The material below has pictures in it. Set down only the lines from the line containing "Многоразовый подгузник Крошка" through the line containing "Fiesta Crafts Build", word for word, and leave the pictures behind.

=== Exercise material ===
----
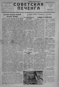 ПРОЛЕТАРИИ ВСЕХ СТРАН. СОЕДИНЯЙТЕСЬ. ОРГАН ПЕЧЕНГСКОГО РАЙКОМА ВКП(б) И РАЙОННОГО СОВЕТА ДЕПУТАТОВ ТРУДЯЩИХСЯ МУРМАНСКОЙ ОБЛАСТИ СО В Е Т С К А Я ПЕЧЕНГД ГОД ИЗДАНИЯ 2-й № 6 7 (182) ЧЕТВЕРГ 4 НОЯБРЯ 1948 г. Цена 20 копеек Достойно встретим великий праздник Октября Движение, начатое пере довыми коллективами мос- коиских предприятий, под няло огромные производст венные резервы. Коллективы предприятий нашего района вскрыли возможности ново го повышения производи тельности труда, сокраще ния расходов материала, сырья и энергии, снижения себестоимости продукции и повышения прибыльности предприятий. Борьба за ис пользование всех внутрен них резервов и возможно стей охватила широкие мас сы трудящихся-. Готовясь к достойной встрече Ч1 годовщины Ок тября, коллективы рудника и металлургического завода досрочно выполнили месяч ный производственный план в октябре: первый раньше срока на б дней, а второй — на 4 дня. На всех участках рудника и металлургическо го завода заметно поднялась производительность труда. Производительно тратится ■каждая минута рабочего- времени, экономно расходу ются материалы и энергия, лучше используется мощ ность оборудования. А в результате всего этого уже первый месяц борьбы за новые повышенные обяза тельства дал большие.суммы Iсверхплановых накоплений. Вслед за горняками и металлургами о выполне ним предоктябрьских обяза тельств сообщили из подсоб ного хозяйства, автотранс портного цеха и перевалоч ной базы порта Лиинахама- ри. В последнее время еже дневно поступают все новые и новые данные от коллекти вов предприятий района об успешном завершении ме сячного плана, об их боль ших производственных до стижениях. Большинство коллективов предприятий и учреждений района встречает славную 31 годовщину Великого Ок тября трудовики победами. Творческая инициатива масс привела в. движение внут ренние резервы производства и заставила их служить на пользу быстрейшего завер шения плана послевоенной сталинской пятилетки. Если каждый коллектив добился известных успехов, то это вовсе не означает, что уже полностью исполь зованы все резервы. Предела в наших возможностях нет. Наши резервы огромны я неиссякаемы, они таятся в советских людях, иризван- ных двигать вперед науку, технику и культуру произ водства. Вскрыть и привести в движение эти резервы — это дело прежде всего ста хановцев и ударников про изводства, работников инже нерно-технического труда и широких масс трудящихся предприятий 11 учреждений. Еще в середине октября металлурги, добившись зна чительного увеличения объ ема среднесуточного пропла ва руды и улучшения ряда других экономических пока зателей, выдвинули вопрос о возможности получить в цехе не 522 тысячи, а 700 тысяч рублей сверхплановой прибыли. Это требование было вполне обосновано опы том стахановской работы пе редовых смен и брягад за вода. Однако партийные ор ганизации и хозяйственные руководители не оценили должным образом это пред ложение, не поддержали инициативы металлургов и не дали ей развернуться во всю ширь. А инициатива эта исходила из м есс трудя щихся. Надо сказать, что в воп росах р а ц и о н а л и з а ц и и и изобретательства м н о г о еще консерватизма у отдель ных руководящих работни ков. На строительстве край не слабо внедряется механи-, зация трудоемких работ. А от инженерно - техничес
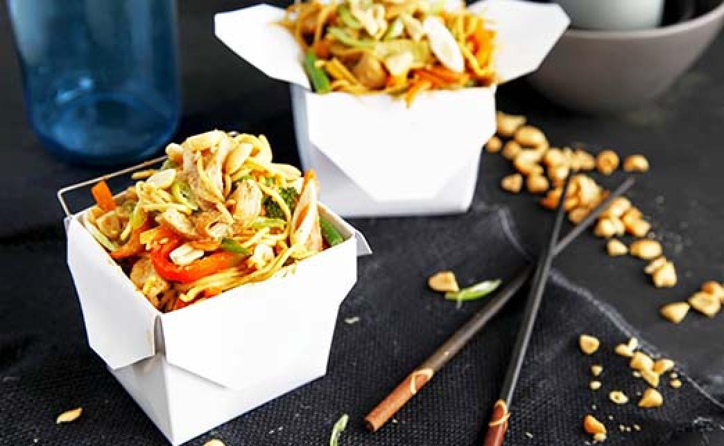 Лапша яичная (собственного приготовления), филе курицы, ростки сои, морковь, сладкий перец.
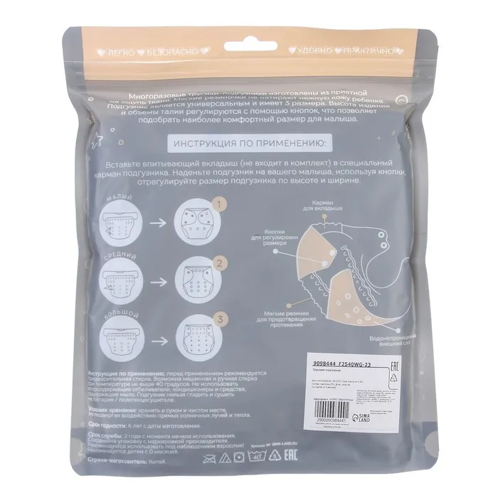 Многоразовый подгузник Крошка Я, 3-15 кг, флис, светло-серый — Характеристики
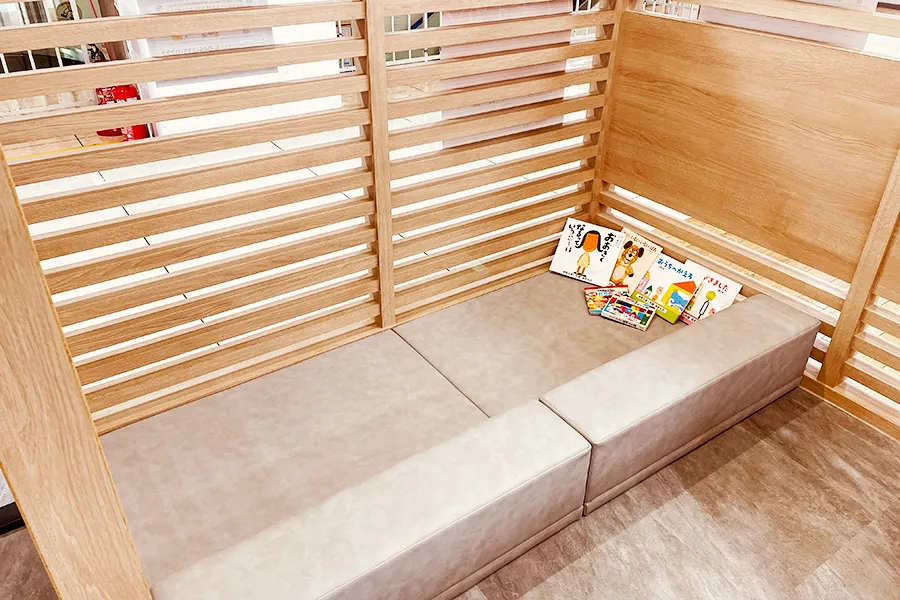 - 店内にキッズスペースを備え、お子さまが楽しく遊びながら保険相談の待ち時間を過ごせるようにしています。
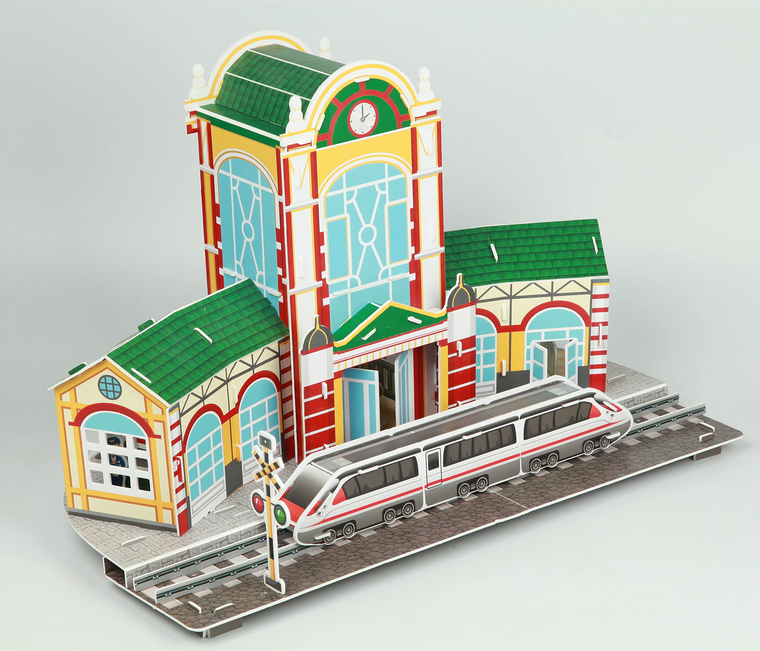 Fiesta Crafts Build A Train Station 3d Construction Puzzle Model Craft Kits For Kids Educational Diy Craft Toy With Suitable Staff And Train For Ages 6 Year Amazon Co Uk Toys Games
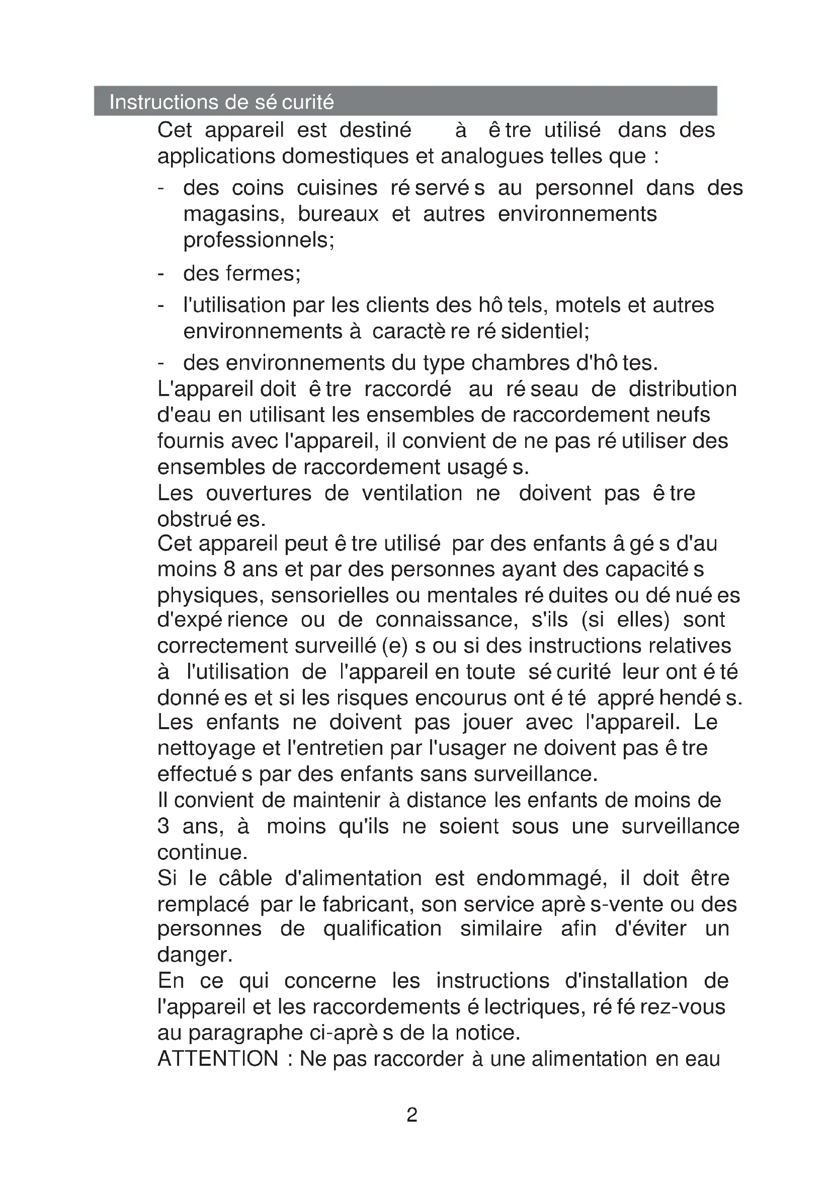 des environnements du type chambres d'hôtes. L'appareil doit être raccordé au réseau de distribution d'eau en utilisant les ensembles de raccordement neufs fournis avec l'appareil, il convient de ne pas réutiliser des ensembles de raccordement usagés. Les ouvertures de ventilation ne doivent pas être obstruées. Cet appareil peut être utilisé par des enfants âgés d'au moins 8 ans et par des personnes ayant des capacités physiques, sensorielles ou mentales réduites ou dénuées d'expérience ou de connaissance, s'ils (si elles) sont correctement surveillé(e) s ou si des instructions relatives à l'utilisation de l'appareil en toute sécurité leur ont été données et si les risques encourus ont été appréhendés. Les enfants ne doivent pas jouer avec l'appareil. Le nettoyage et l'entretien par l'usager ne doivent pas être effectués par des enfants sans surveillance. Il convient de maintenir à distance les enfants de moins de 3 ans, à moins qu'ils ne soient sous une surveillance continue. Si le câble d'alimentation est endommagé, il doit être remplacé par le fabricant, son service après-vente ou des personnes de qualification similaire afin d'éviter un danger. En ce qui concerne les instructions d'installation de l'appareil et les raccordements électriques, référez-vous au paragraphe ci-après de la notice. ATTENTION : Ne pas raccorder à une alimentation en eau Instructions de sécurité3
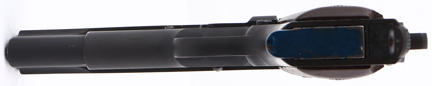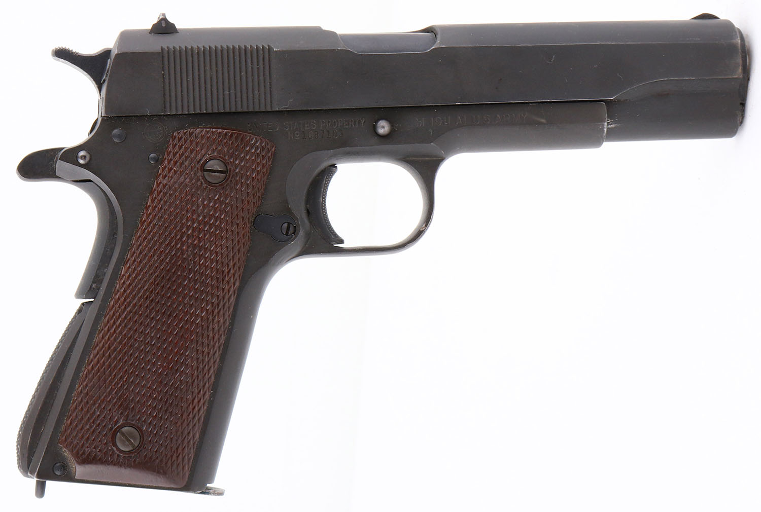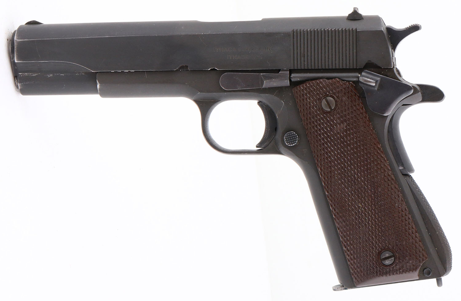 Ithaca, Model 1911 U.S. Army A1, .45 ACP Cal., Semi-Auto Pistol, Mfg. 1944, SN: 1887103, 5'' barrel. ''ITHACA GUN CO., INC. ITHACA N.Y.'' stamped on rear of left side of slide. ''UNITED STATES PROPERTY'', ''M1911 A1 U.S. ARMY'' & ''No. 1887103'' are all stamped on right side of frame. ''P'' stamp on the top of frame. ''FJA'' (Frank J. Atwood) Inspector Stamped behind trigger on left side. Lt Col Atwood was the US Army Executive Officer in charge of all ordnance activities in his district. Lt Col Atwood was assigned to the Rochester Ordnance District & had sole responsibility for inspecting & accepting or rejecting all war material that was produced or manufactured under Government contract in this district from mid-1942 through early 1946. During this time frame in the Rochester district both the Remington-Rand & Ithaca factories fell under his control. Consequently if you look at any model of M1911A1 produced by either of those companies, you will see his initials ''F.J.A.'' prominently stamped on the left side of the pistol frames. The military metal finish rates at 95%. The checkered hard plastic grips are excellent, with very tiny dings. Exterior of barrel is blued. Bore is excellent, Fitted with the standard lower profile fixed sights. Unmarked magazine has odd blue film on bottom. Lanyard staple on bottom strap. As Most of these guns were re-arsenal all parts may not be original to pistol. Serrated backstrap. Backstrap squeeze safety. A very nice US Property, Army stamped WWII example. FFL or C&R Req. - Value: 2000 to 3500
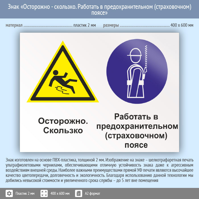Знак «Осторожно - скользко. Работать в предохранительном (страховочном) поясе», КЗ-58 (пластик, 600х400 мм) в Бердске купить
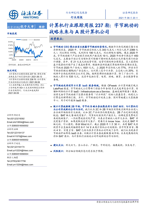 【海通证券】【20210620】计算机行业跟踪周报237期:字节跳动的战略未来与A股计算机公司-6页
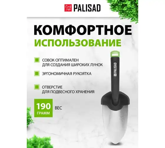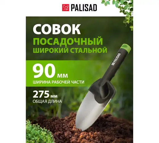 Широкий посадочный совок PALISAD обрез. рукоятка,может использ. с удлин. ручкой 63016,63017// 63001
----
=== Result of this task ===
 Многоразовый подгузник Крошка Я, 3-15 кг, флис, светло-серый — Характеристики
 - 店内にキッズスペースを備え、お子さまが楽しく遊びながら保険相談の待ち時間を過ごせるようにしています。
 Fiesta Crafts Build A Train Station 3d Construction Puzzle Model Craft Kits For Kids Educational Diy Craft Toy With Suitable Staff And Train For Ages 6 Year Amazon Co Uk Toys Games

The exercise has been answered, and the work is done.